Il maestro di Vigevano, internationally released as The Teacher from Vigevano, is a 1963 Italian comedy drama film directed by Elio Petri. It is based on the novel with the same name written by Lucio Mastronardi.

Plot   
Maestro Antonio Mombelli teaches in an elementary school in Vigevano. His life drags on between daily miseries, the harassment of the director of the Pereghi school and the demands of his wife Ada, a frustrated and dissatisfied woman with the modest lifestyle that her husband can grant her. Antonio's only friend is the teacher Nanini, eternal alternate.

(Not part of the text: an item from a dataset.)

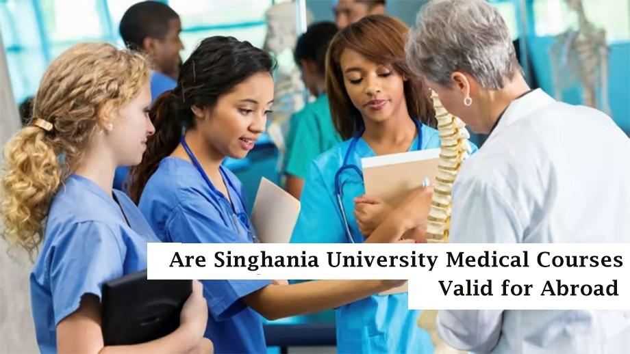 Yes, Singhania University's medical courses are valid for abroad. Singhania University's objective is to create "Indian Medical Graduates" who possess the needed details, skill sets, as well as expertise and are therefore ready to undertake lifelong training in order to stay current on comparatively recent solid evidence care and cure and are therefore ready to enter in variety of community environments that provide high professionalism and honesty and who are the centerpiece of the medical field, he offers and therefore is capable of participating in actually meeting the healthcare needs.

Antonio is proud to belong to the intellectual class: he considers it a shame for himself and for his family that his wife wants to work in the factory to supplement his income and that his son, pushed by his mother, occasionally hires himself as a boy. His humble lifestyle would suit him very well, were it not for the constant complaints of his wife who repeatedly accused him of the success and wealth of other fellow citizens. But Antonio does not like entrepreneurial initiative: the rapacity and cynical immorality of those whom Ada considers arrived deeply disgust him. And his particular sense of 'dignity' prevents him from coming to terms with the opportunism of most. Antonio abuses his son and wife, as they do not rapport his sense of 'dignity' and affiliate themselves with a working class. 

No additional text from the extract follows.